Isabelle valiantly faced this blow, stating in a strong voice: “Monsieur, if you forsake me, the Church will not forsake me. And I prefer to be the most wretched person in the world than to leave the Church for men.”

“Idolatress!” cried my father, torn between anger and grief. “The Church, always the Church! And God, Madame, what make you of Him?”

“For me,” said Isabelle, “the Church and God are one and the same.”

A troubled silence followed these words, and then Geoffroy de Caumont burst out furiously, “Madame, having a husband, a brother, sons and your entire family converted to the reformed religion, you must understand that by remaining a papist you repudiate all the natural and sacred ties that bind you to your family. And that by all of these you will be henceforth seen not as a spouse, but as the whore of the Baron de Siorac!”
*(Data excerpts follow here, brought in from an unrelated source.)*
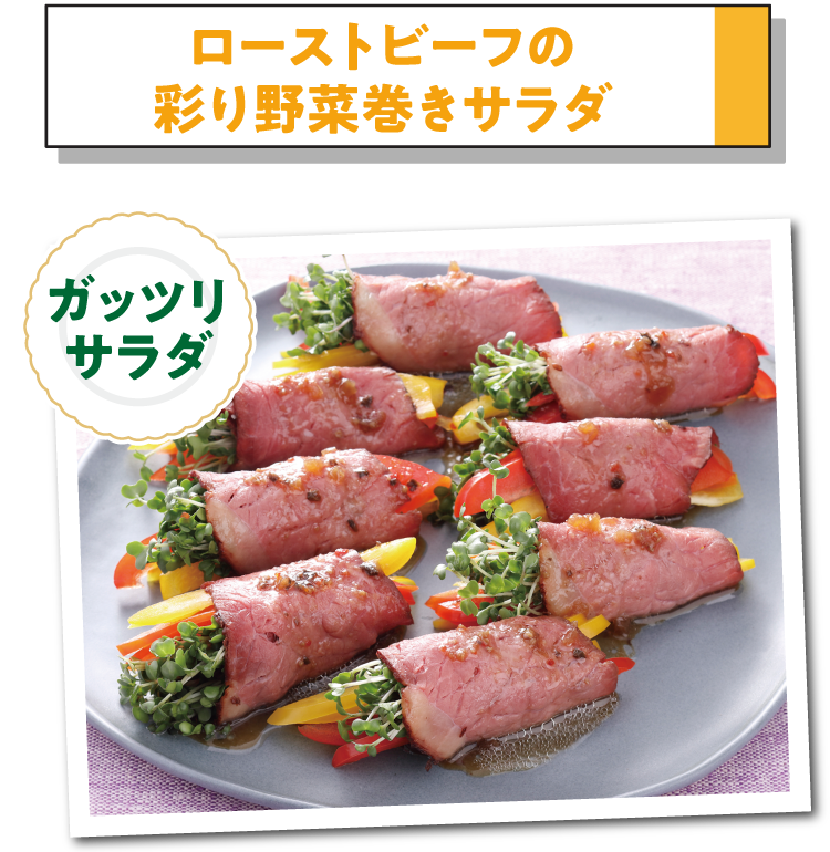 | (2) | ローストビーフに(1)を1/16量ずつ巻き、巻き終わりを下にして皿に載せる。 |
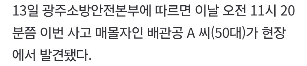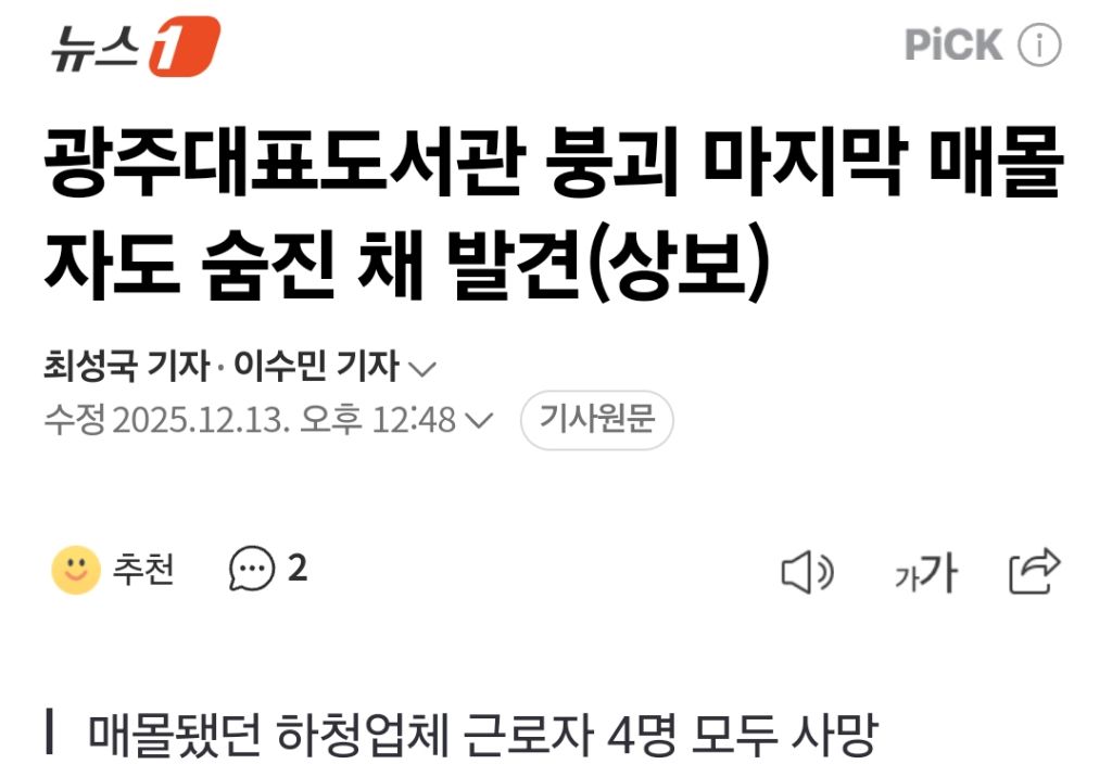 [여시뉴스데스크]광주대표도서관 붕괴 마지막 매몰자도 숨진 채 발견(상보) 작성자어묵의계절|작성시간25.12.13|조회수22,945 목록 댓글 71 글자크기 작게가 글자크기 크게가 출처: https://naver.me/xktkHwjn광주대표도서관 붕괴 마지막 매몰자도 숨진 채 발견(상보)최성국 이수민 기자 = 광주대표도서관 붕괴 사고로 매몰됐던 근로자 4명 중 실종됐던 마지막 1명이 숨진 채 발견됐다. 13일 광주소방안전본부에 따르면 이날 오전 11시 20분쯤 이번 사고 매몰자인 n.news.naver.com내용 있는 상보로 가져옴삼가 고인의 명복을 빕니다 다음검색 현재 게시글 추가 기능 열기 북마크 공유하기 신고 센터로 신고 댓글 댓글 71 댓글쓰기 답글쓰기 댓글 리스트 작성자클래식뱅쇼 | 작성시간 25.12.13 삼가 고인의 명복을 빕니다 작성자그저 여명일 뿐 | 작성시간 25.12.13 편안히 쉬시길 바랍니다. 작성자나는야낭만먹보 | 작성시간 25.12.13 삼가 고인의 명복을 빕니다 작성자공성직이 | 작성시간 25.12.13 삼가 고인의 명복을 빕니다 작성자애매한모임 | 작성시간 25.12.13 삼가 고인의 명복을 빕니다 댓글 전체보기
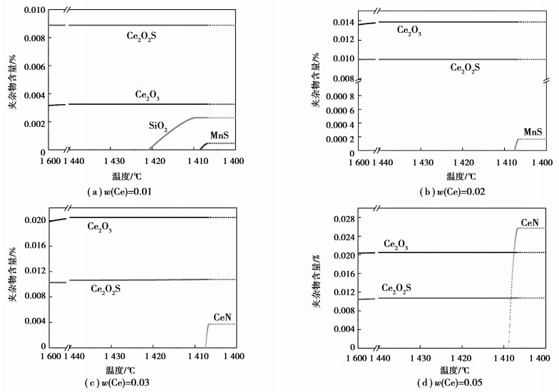 2 计算结果与分析图 3表示不同铈添加量条件下,253MA耐热钢凝固过程中夹杂物的析出行为。铈的添加量设定为0.01%,0.02%,0.03%,0.04%(图 1),0.05%。从图中可以看出,随着铈添加量的增加,钢中的夹杂物类型由Ce2O2S、Ce2O3、SiO2、MnS向Ce2O2S、Ce2O3及CeN转变。其中Ce2O2S、Ce2O3在炼钢温度下已经析出,且在凝固过程中的析出总量不再增加;SiO2与MnS则在凝固过程中析出,并随钢液温度的降低逐渐达到析出平衡。对比图 3(a)、(b)可知,MnS的析出温度随铈添加量的增加而降低,分析认为,钢中的[S]参与Ce2O2S的生成反应,并且[Ce]与[S]的相互作用系数为负,两者同时作用降低了钢中的[S]活度,从而MnS的析出温度降低。对比图 3(c)、图 1及图 3(d)可知,由于钢中铈含量的增加,CeN的析出量不断增加,且析出温度有升高趋势。
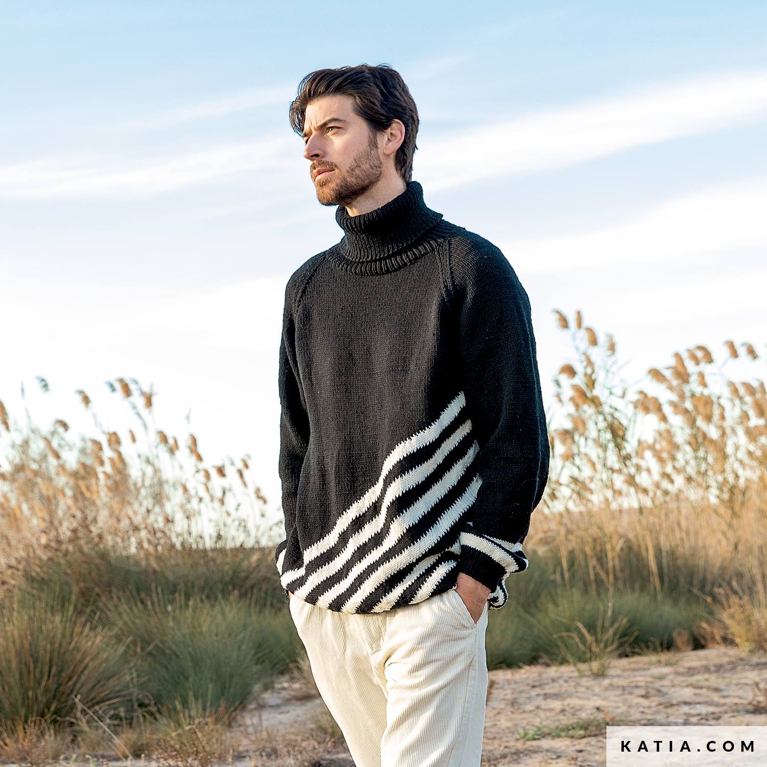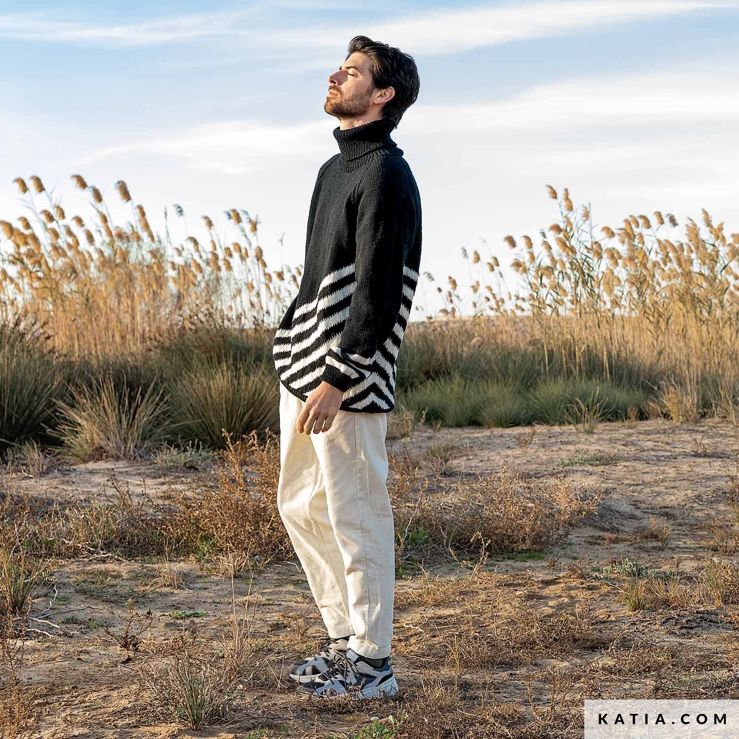 Questo modello di maglione da uomo con righe diagonali realizzato con Arles Merino è perfetto per qualsiasi occasione. Realizzato con lana francese di alta qualità, questo maglione ai ferri si distingue per il collo alto e il motivo a righe diagonali sul corpo e sulle maniche. È un capo senza tempo ideale da avere nel tuo guardaroba poichè è facile da abbinare ai tuoi jeans, pantaloni o cargo preferiti. La sua realizzazione è semplice grazie alle nostre dettagliate istruzioni in PDF!

“That’s as may be,” replied Isabelle, drawing herself to her full height, “but then, Monsieur, if I am a whore then you must be a whoremonger, for God knows you arranged this marriage.”

Geoffroy de Caumont paled, and my father, for whom the words “repudiate” and “whore” caused as much pain as they did for Isabelle, rose and said in a curt but courteous voice: “Madame, this interview has tired you. We shall bring it to a close. And with your permission, I shall accompany you to your apartment.”

“I shall go alone,” said Isabelle. With tears in her eyes, but unvanquished and unbowed, she turned on her heels and left the room with a majestic sweep of her full dress.

 

As Isabelle remained anchored and unshakable in the faith of her fathers, and refused any compromise, the dispute between her and my father continued over the months and years that followed. It raged, in fact, from 23rd December 1560 until 15th April 1563, shaking Mespech to its very foundations. The ferment of discord, verging at times on hatred, that this furious quarrel raised in our ordered and peaceful community, not only drove a wedge between husband and wife, but plagued the servants, upset the children and at times even—especially in the matter of whether to dismiss Franchou or not—divided the Brethren.